### RECORDS TO PROCESS
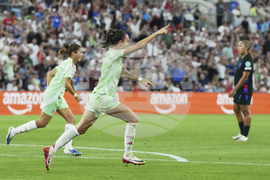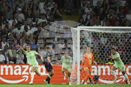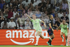 England's Chloe Kelly is celebrated after she scored the decisive second goal for England during the Women's Euro 2025 semifinals soccer match between England and Italy at Stade de Geneve in Geneva, Switzerland, Tuesday, July 22, 2025. (AP Photo/Martin Meissner)
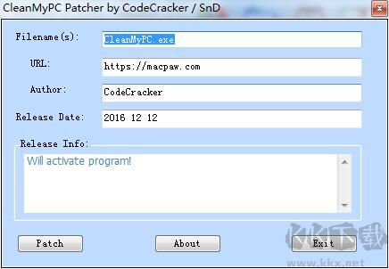 2、安裝完成之后,把補(bǔ)丁復(fù)制到安裝目所,執(zhí)行,點(diǎn)擊Patch按鈕即可破解!
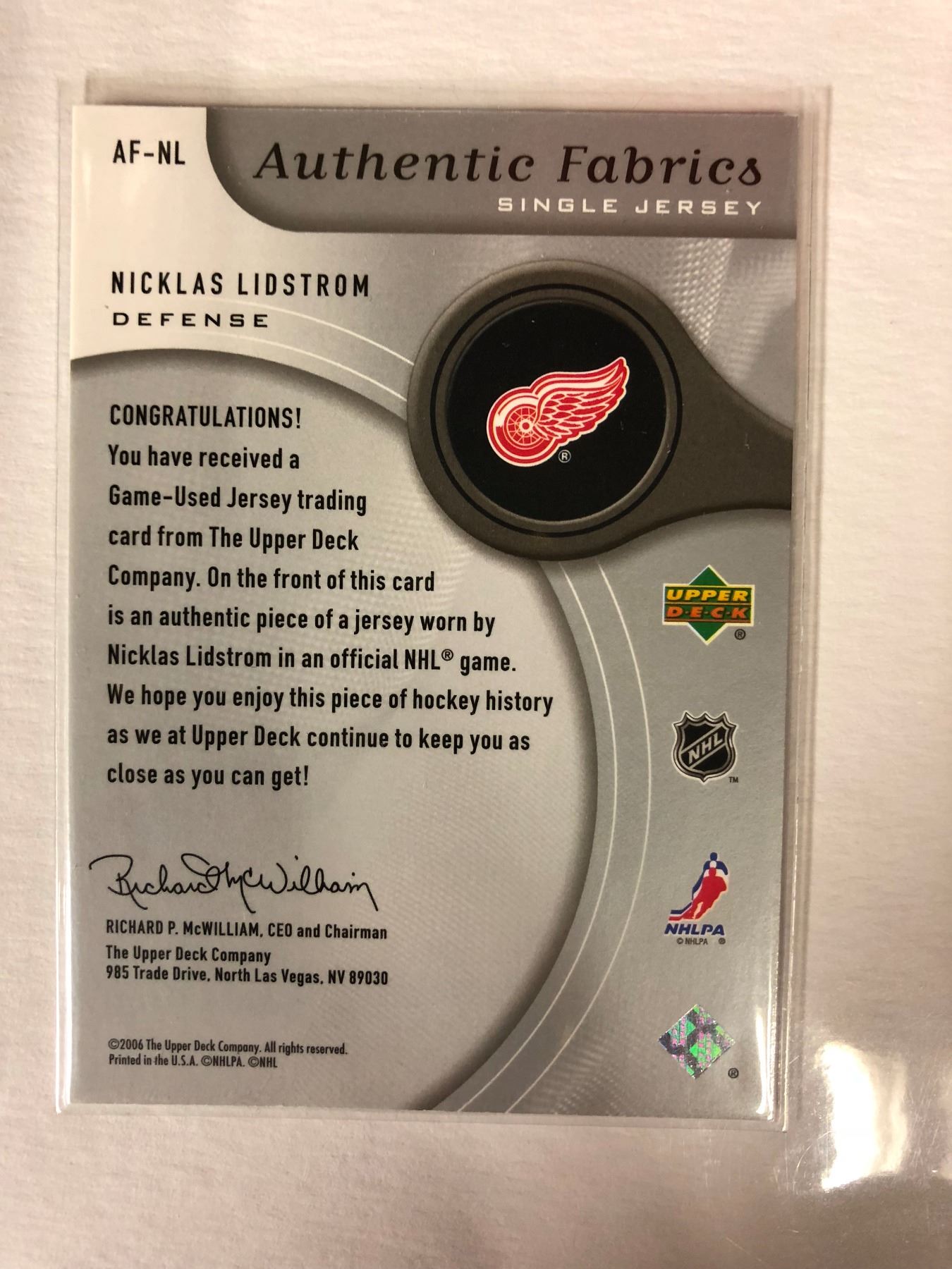 UPPER DECK SP AUTHENTIC FABRICS SINGLE JERSEY NICKLAS LIDSTROM
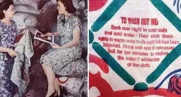 美國經濟大蕭條期間的面粉袋圖案,廠家會貼心地告訴你如何要洗掉墨跡,只留下花布原本的顏色用來制衣。
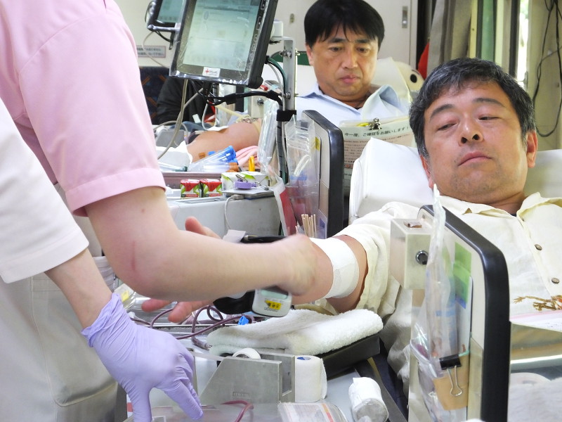 献血受付者数:74名献血者数:68名献血不適者数:6名 (血色素不足の方3名、その他の理由3名)
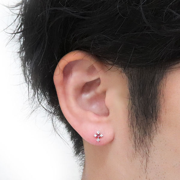 誕生石12石を使用した10金製の、クロス(十字架)モチーフメンズスタッドピアスです。
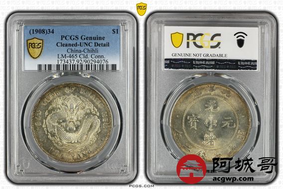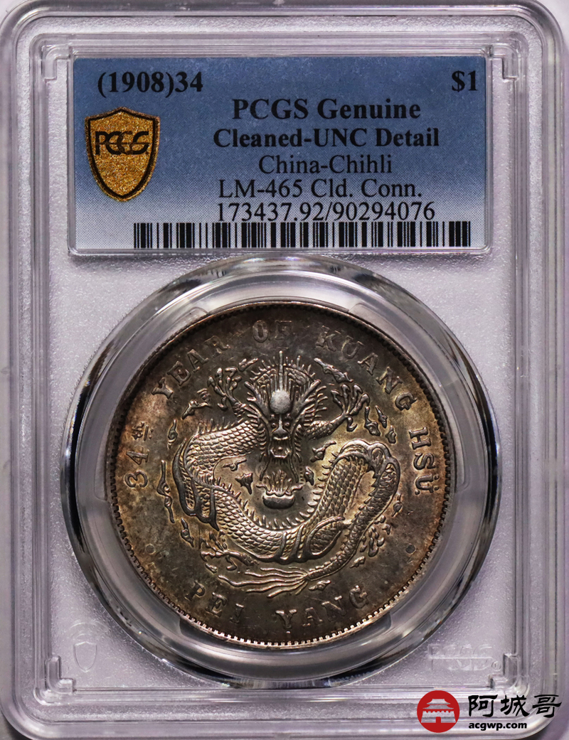 Lot:9 黄油原光 北洋34七钱二分 PCGS UNC
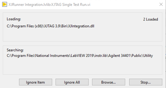When 64-bit versions of software are being used, XJIntegration.dll will be stored in the 64-bit Windows directory structure. However, when loading projects that were created using 32-bit LabVIEW (such as the XJTAG examples), LabView will search for XJIntegration.dll in the 32-bit directory (Figure 1) and will therefore be unable to locate it.
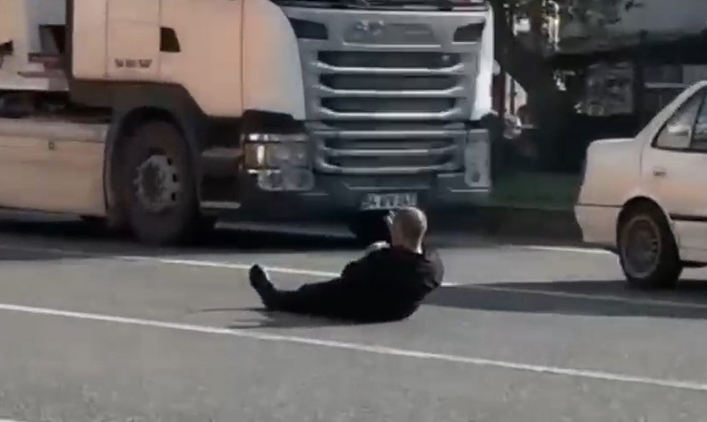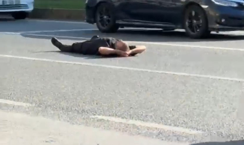 Bursa’nın Orhangazi ilçesindee trafikte yüzlerce aracın yoğun bir şekilde ilerlediği anlarda canını tehlikeye atarcasına yere yatan ve kimliği belirlenemeyen şahıs vatandaşların ve sürücülerin uyarılarını dikkate almayıp bir süre daha yolda uzandı. Bir süre yolun ortasında yatan vatandaşı ezmemek için sürücüler şerit değiştirirken, trafikte aksama meydana geldi.
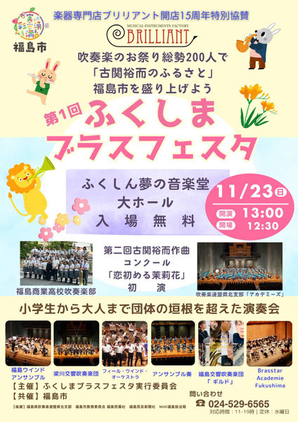 福島市の楽器専門店「ブリリアント」さんの開店15周年を記念したイベント「ふくしまブラスフェスタ」が、ふくしん夢の音楽堂で開催されます。
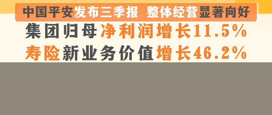 中国平安发布三季报,集团归母净利润增长11.5%,寿险新业务价值增长46.2%,整体经营显著向好
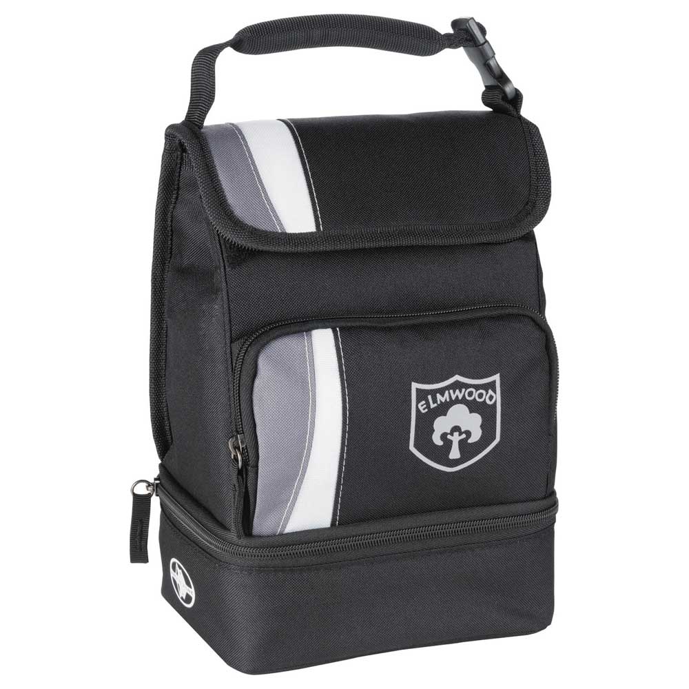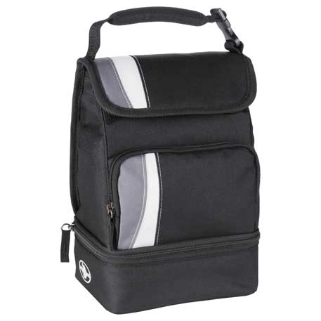 Two compartments using high density insulation; top compartment that can be folded over or with zipper for extra capacity and bottom zippered compartment includes food container. Rear ID window. Padded carry handle with Swing Clip™ allows attachment to backpacks or briefcases.Ultra Safe™ leak-proof, easy clean PEVA lining.
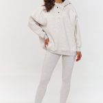 Ten komplet dresowy to idealny wybór dla kobiet, które cenią funkcjonalność i styl. Zestaw składa się z oversizowej bluzy z długimi rękawami oraz luźnych spodni, które tworzą komfortową, ale stylową całość. Dzięki szerokiemu krojowi, spodnie zapewniają pełną swobodę ruchów, a elastyczny pas dopasowuje się do sylwetki. Dodatkowo są poszerzane ku dołowi nadając zestawowi wyjątkowy i dynamiczny charakter. Bluza z klasycznym okrągłym dekoltem i rękawami zakończonymi ściągaczami dopełnia całość, tworząc wygodny i ciekawy komplet. Dres wykonany z miękkiego i przyjemnego w dotyku materiału dresowego, który zapewnia komfort każdego dnia. Dzięki prostemu, ale efektownemu krojowi, zestaw świetnie sprawdzi się w różnych sytuacjach. Nasz komplet dresowy to wybór, który łączy luz, funkcjonalność i nowoczesny wygląd. Sprawdzi się zarówno na relaks w domu, jak i na spotkania z przyjaciółmi, zakupy czy na co dzień. Zestaw idealnie komponuje się z ulubionymi sneakersami, tworząc stylową, wygodną i modową stylizację.
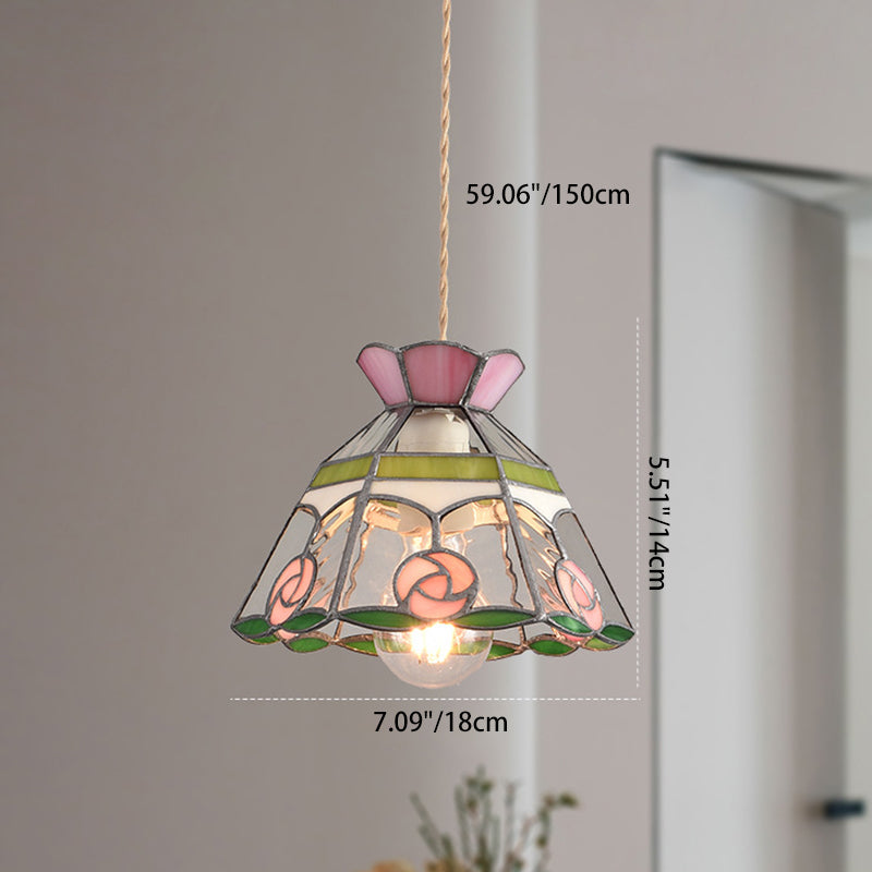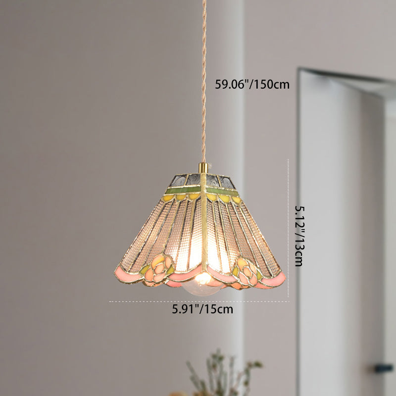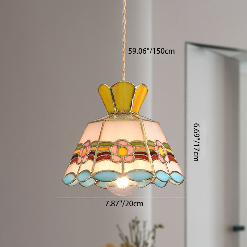 Añade un encanto atemporal a tu espacio con esta lámpara colgante vintage tradicional que presenta vidrio de colores soldados a mano en un diseño cónico de diamante vibrante. Hecha de hierro y vidrio, incluye un cordón colgante ajustable y es ideal para dormitorios, comedores o cafeterías acogedoras.
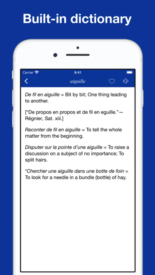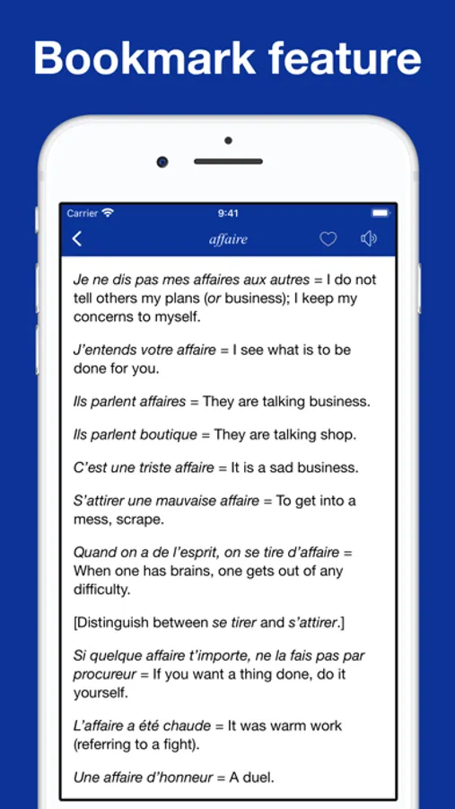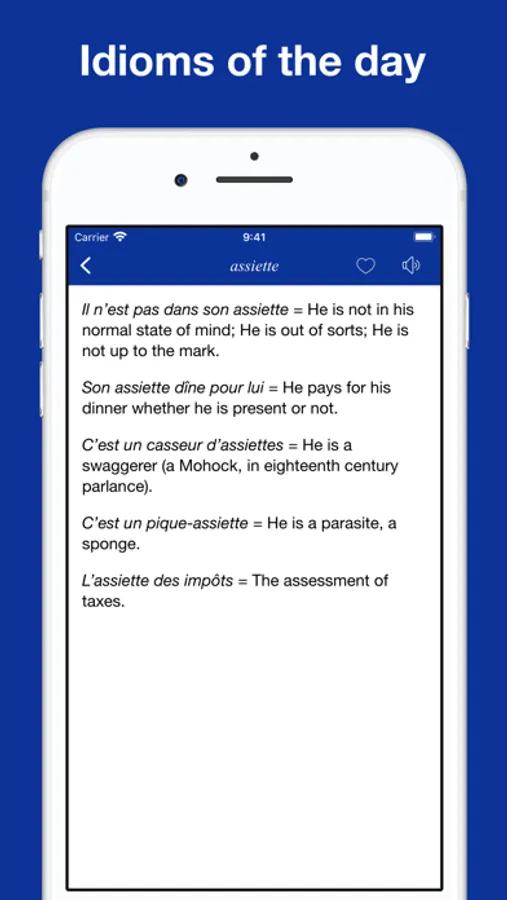 Understanding and using idiomatic expressions is vital in achieving fluency in a language. English-speaking students of French will find this application invaluable in improving their conversational skills.

### WORK ORDER
Starting at the first line of the records and stopping after the line with "中国平安发布三季报,集团归母", copy each line exactly; pictures stay out.

### ANSWER SPACE
 England's Chloe Kelly is celebrated after she scored the decisive second goal for England during the Women's Euro 2025 semifinals soccer match between England and Italy at Stade de Geneve in Geneva, Switzerland, Tuesday, July 22, 2025. (AP Photo/Martin Meissner)
 2、安裝完成之后,把補(bǔ)丁復(fù)制到安裝目所,執(zhí)行,點(diǎn)擊Patch按鈕即可破解!
 UPPER DECK SP AUTHENTIC FABRICS SINGLE JERSEY NICKLAS LIDSTROM
 美國經濟大蕭條期間的面粉袋圖案,廠家會貼心地告訴你如何要洗掉墨跡,只留下花布原本的顏色用來制衣。
 献血受付者数:74名献血者数:68名献血不適者数:6名 (血色素不足の方3名、その他の理由3名)
 誕生石12石を使用した10金製の、クロス(十字架)モチーフメンズスタッドピアスです。
 Lot:9 黄油原光 北洋34七钱二分 PCGS UNC
When 64-bit versions of software are being used, XJIntegration.dll will be stored in the 64-bit Windows directory structure. However, when loading projects that were created using 32-bit LabVIEW (such as the XJTAG examples), LabView will search for XJIntegration.dll in the 32-bit directory (Figure 1) and will therefore be unable to locate it.
 Bursa’nın Orhangazi ilçesindee trafikte yüzlerce aracın yoğun bir şekilde ilerlediği anlarda canını tehlikeye atarcasına yere yatan ve kimliği belirlenemeyen şahıs vatandaşların ve sürücülerin uyarılarını dikkate almayıp bir süre daha yolda uzandı. Bir süre yolun ortasında yatan vatandaşı ezmemek için sürücüler şerit değiştirirken, trafikte aksama meydana geldi.
 福島市の楽器専門店「ブリリアント」さんの開店15周年を記念したイベント「ふくしまブラスフェスタ」が、ふくしん夢の音楽堂で開催されます。
 中国平安发布三季报,集团归母净利润增长11.5%,寿险新业务价值增长46.2%,整体经营显著向好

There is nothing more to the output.